I write about the infinite number of intersections between every day life and the good news of the God who has come to get us.

Wednesday, March 18, 2009

It's About Me to Make it About You

As I was looking back during sabbatical over the start of my time in ministry, I noticed an interesting process that I think might have broader application than just for people in ministry: I thought I was all about students, but really I was all about me; and then when it became all about me, it started to become all about students.

When I first started in ministry, my mindset was, "it's about serving students." I was full of optimism, idealism, and grand visions.

Then I hit some serious bumps. And what I discovered as I hit conflicts with students and as the community I was "leading" went from 50 to 15, was that I was really about me. As the work fell apart all around me, I struggled deeply to believe that I was gifted, valued, helpful, called or loved by God.

In other words, I needed validation. And I wanted it to come from successful ministry and students liking me. And when that didn't happen, I realized that I wasn't nearly so pure-hearted as I had initially imagined. I was actually in this for me, all about me, to make me feel good and important and like I was doing something important in the world.

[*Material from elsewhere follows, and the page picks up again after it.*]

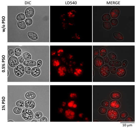 Microscopy of strain JMY3820 grown on YPD supplemented with PSO of indicated concentrations for 72 h. The red color represents the staining of lipid bodies visualized by LD540 a lipid body-specific dye. Images were obtained using a Leica DM5500 fluorescence microscope (Leica Microsystems, Wetzlar, Germany) with a 100× HCXFL OIL objective and filter system Y3 for CY3 green and Leica DFC340 FX Digital Cam for fluorescence microscopy. LAS X Leica software platform (Version 3.0) was used for image acquisition.
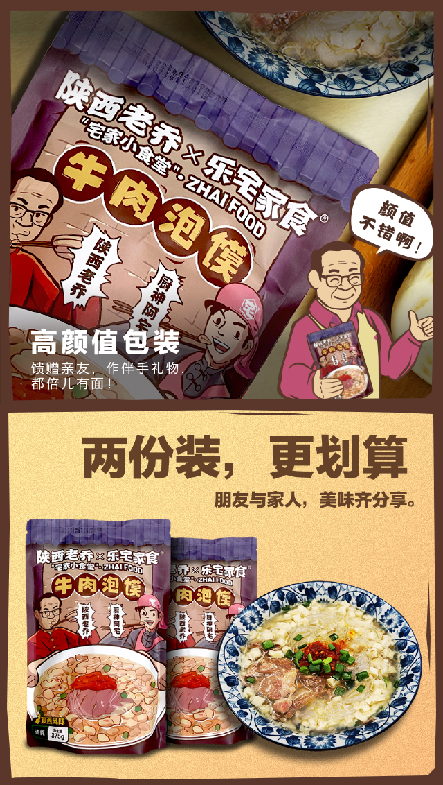 【清真】速食乐宅家食老乔版牛肉泡馍西安风味还原堂食375g袋装

This is one gift of disappointment--it strips away so many of the lies we tell ourselves about our motivations to get to the raw places where God can actually begin to do the hard work of helping us to be healthily re-wired human beings.

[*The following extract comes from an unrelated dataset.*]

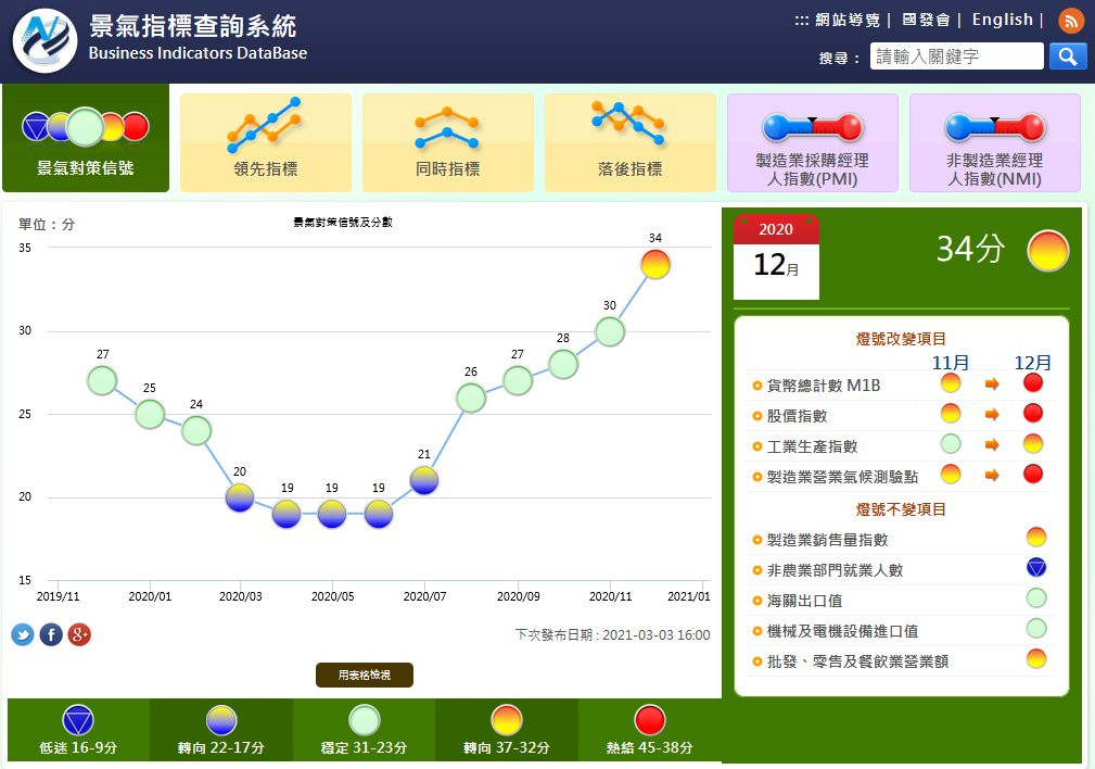 109年12月景氣對策信號綜合判斷分數為34分,較上月增加4分,燈號轉呈黃紅燈;景氣領先、同時指標持續上升,反映國內經濟增溫。

So what happened in the aftermath was interesting: the Lord began to make it about me.

He took my broken confidence, my questions, and my shaken identity and he began to re-make me. My identity and sense of who I am was never supposed to come from my work. It was always supposed to come from him. And he spent many, many months drilling this lesson into my very, very thick skull.

And what happened as a result was interesting: as the Lord made it about re-making me, I began to actually be able to serve students. I was no longer looking to them or my ministry to validate me. I was already validated, loved, cared for, accepted. So I could freely love them--I wasn't using them to make me feel good about myself.

It is impossible to serve in genuine humility from a place of vulnerability and fear. It is only possible to truly serve others from a place of confident freedom and security. Jesus offers us that place, offered me that place. And from that place, he invites us to serve. It's the only place where we can genuinely do so.

Like I said, I think that this has application beyond ministry--parenting, perhaps. I see this process of stripping away happen often for my student leaders as they hit disappointments or frustrations.

The hard part, at least for me, is fighting back self-protective cynicism and remaining soft and teachable...and being willing to continue to lead and serve, even when it's hurt before.